This is How Testosterone Builds Muscle – CS Leaflabs

This is How Testosterone Builds Muscle

This is How Testosterone Builds Muscle

What is the correlation between hormone and hypertrophy (increased growth of muscle mass)

First of all, let's have a clear understanding of your muscle structure on how it growth

Understand your muscle structure

The big bulking skeletal muscles are made of a bundle of muscle fiber. It is a living cell with nuclei, mitochondria, and active metabolism.

It makes muscles a dynamic structure which it can respond to stress placed on them which means they can grow in size to meet the demand of weight lifting or any resistance exercise

On the opposite, it can also shrink or undergo atrophy if the muscle is not being used heavily.
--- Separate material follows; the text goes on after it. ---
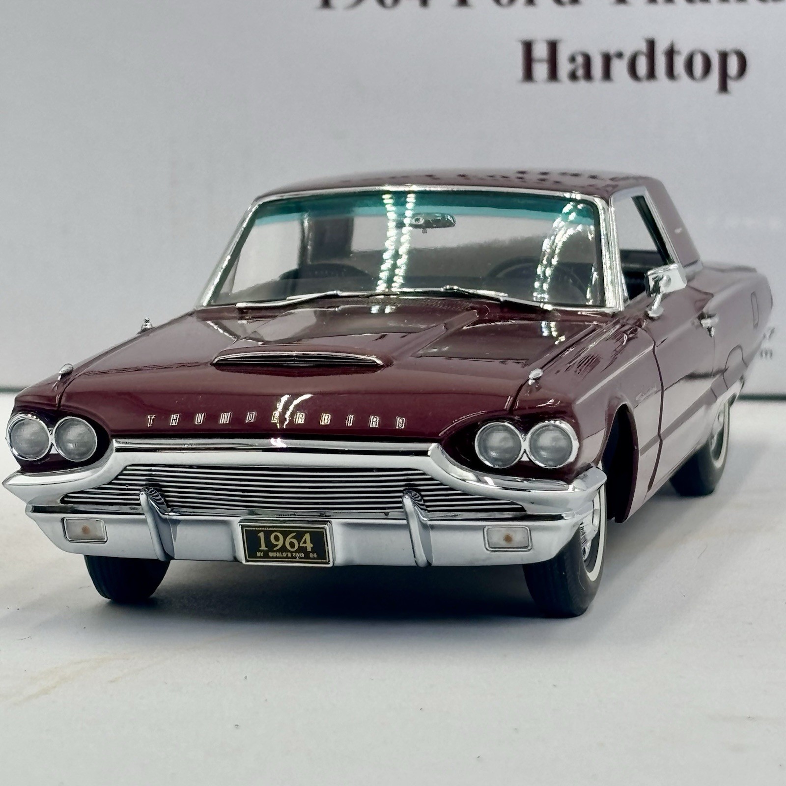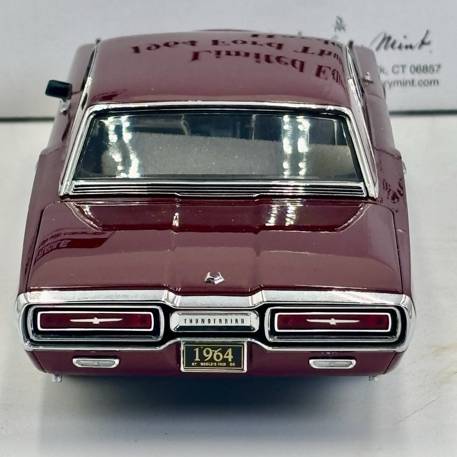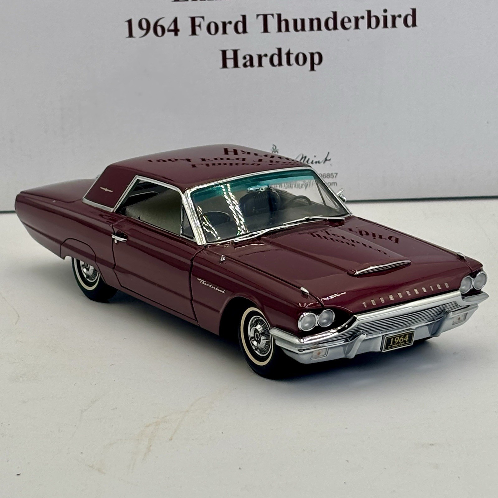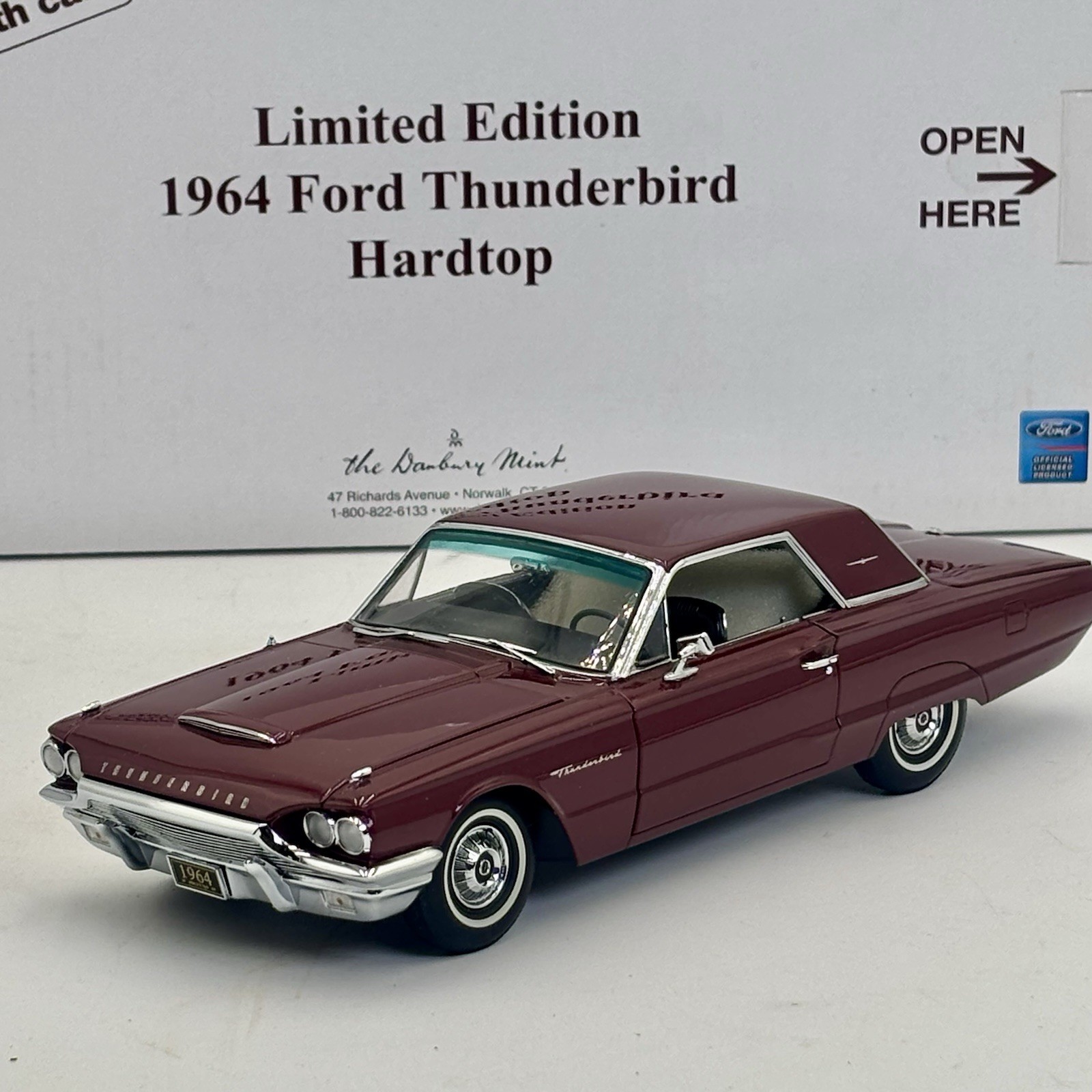 The Danbury Mint Limited Edition 1964 Ford Thunderbird Burgundy Hardtop Box is a highly collectible diecast toy vehicle. This detailed 1:24 scale model features the classic Ford Thunderbird design from 1964, with a vibrant red color scheme that adds to its appeal. The limited edition status further enhances its value and desirability among collectors of contemporary diecast cars. Perfect for enthusiasts of Ford vehicles or vintage cars in general, this model is a must-have for any diecast car collection.

To understand how muscles grow, we must first understand the fundamentals of skeletal muscle anatomy. Within each muscle cell, there are strands of stiff proteins called myofibrils that contain long proteins called filaments that are arranged in a parallel pattern that allows them to slide back and forth past each other.
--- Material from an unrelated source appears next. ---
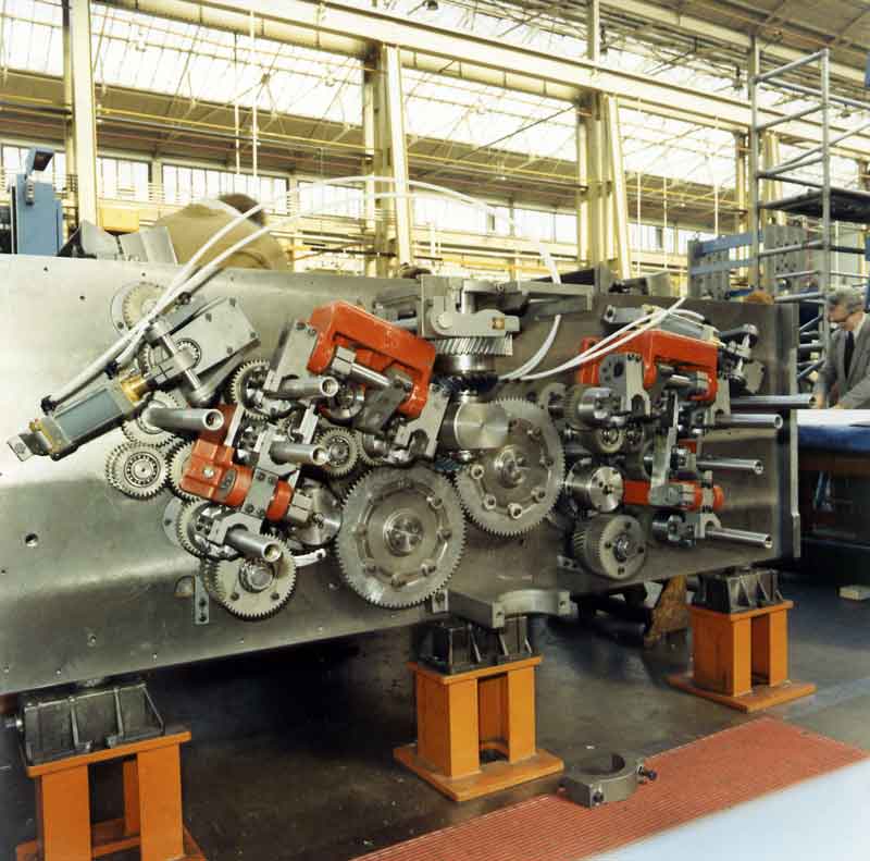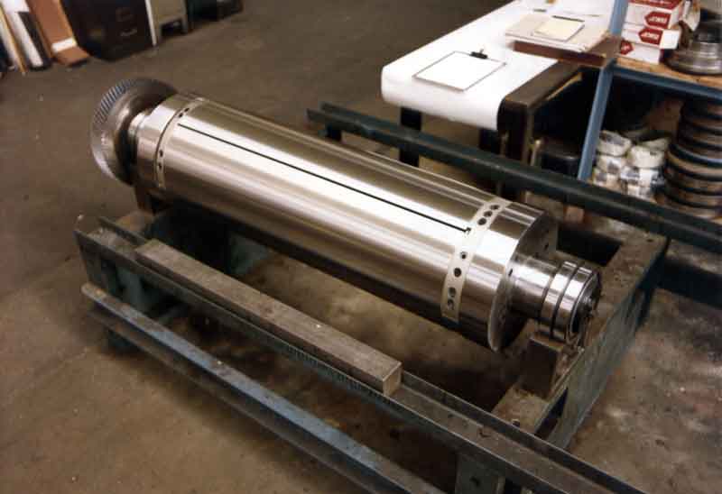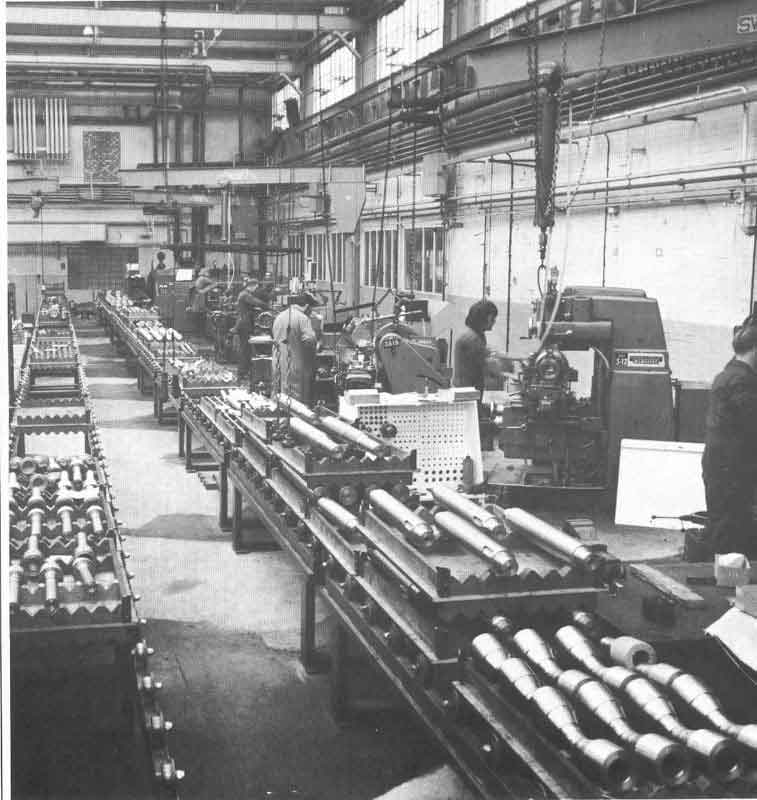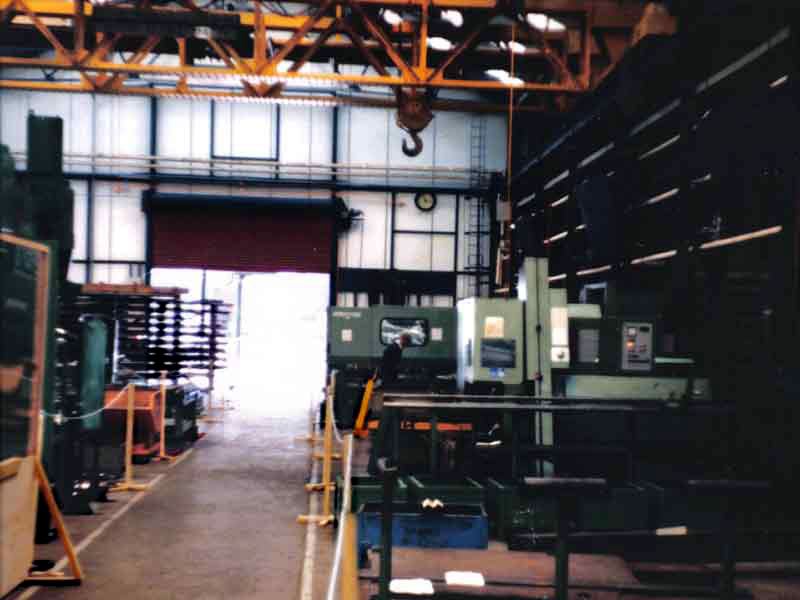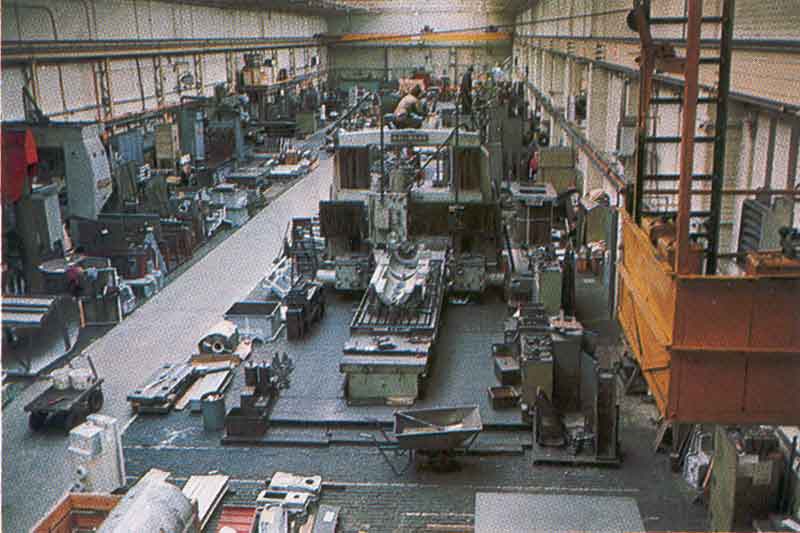 Erected in 1935 - this was the first (south end) bay of the Plate Shop. So named because it was where both during and after WW2, the famous L7040mm Bofors Anti-Aircraft Gun was assembled. Part of the bay was later used - from the mid 1970s onwards - to develop the Printing Division's innovative approach to the production of its G16 Printing Press Plate and Blanket cylinders. A one-piece solid steel forging had a unique welded stainless steel surface applied on a lathe before being ground, with its running bearings (high precision taper bore spherical bearings) fitted, and then dynamically balanced. (Seehere).

This sliding mechanism is ultimately responsible for our muscles' ability to produce tension. When we zoom out to the surface of the muscle fiber, we can see tiny cells called satellite cells that hang out on the edge of the muscle fibers beneath the connective tissue. These are essentially dormant muscle cells, similar to muscle stem cells.

When our muscles are under a lot of tension, such as during resistance exercise, those myofibrils suffer some damage. This causes an inflammatory reaction in the muscle, which promotes healing. This inflammation also wakes up the satellite cells, causing them to fuse with the muscle fiber to which they are attached. And each satellite cell has a nucleus that contains the instructions for producing more contractile proteins. Increases in muscle size are primarily caused by the addition of these proteins to muscle

How does testosterone build muscle?

Each muscle cell has an androgen receptor, which allows it to receive messages from hormones such as testosterone. 
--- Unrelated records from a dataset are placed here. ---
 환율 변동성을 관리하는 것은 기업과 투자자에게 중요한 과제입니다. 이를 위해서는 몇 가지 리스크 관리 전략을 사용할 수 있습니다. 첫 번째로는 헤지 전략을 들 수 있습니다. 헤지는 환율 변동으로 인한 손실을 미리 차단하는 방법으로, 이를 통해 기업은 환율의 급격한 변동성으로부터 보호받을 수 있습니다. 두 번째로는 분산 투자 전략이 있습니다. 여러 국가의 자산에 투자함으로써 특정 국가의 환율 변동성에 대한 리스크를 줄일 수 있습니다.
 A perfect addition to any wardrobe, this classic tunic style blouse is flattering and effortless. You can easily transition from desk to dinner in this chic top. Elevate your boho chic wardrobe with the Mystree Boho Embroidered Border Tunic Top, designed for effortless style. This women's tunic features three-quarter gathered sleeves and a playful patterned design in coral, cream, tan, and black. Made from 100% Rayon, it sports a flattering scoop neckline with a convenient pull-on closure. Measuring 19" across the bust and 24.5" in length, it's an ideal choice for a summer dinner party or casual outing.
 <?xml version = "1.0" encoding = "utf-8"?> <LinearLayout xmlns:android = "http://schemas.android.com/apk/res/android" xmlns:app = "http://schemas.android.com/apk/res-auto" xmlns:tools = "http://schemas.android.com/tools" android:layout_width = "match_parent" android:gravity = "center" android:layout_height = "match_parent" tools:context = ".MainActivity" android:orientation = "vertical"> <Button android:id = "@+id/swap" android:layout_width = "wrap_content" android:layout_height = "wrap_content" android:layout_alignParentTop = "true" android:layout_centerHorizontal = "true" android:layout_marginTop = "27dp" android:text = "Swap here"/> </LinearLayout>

Once testosterone enters the muscle cell and binds to the receptor, it moves to the nucleus, where our DNA is stored and stimulates the transcription of specific genes that produce more protein.

Testosterone can also promote the replication and activation of important satellite cells by stimulating the release of other growth factors.

In summary, testosterone promotes muscle growth by stimulating protein synthesis, but it does more than that; it also inhibits protein breakdown.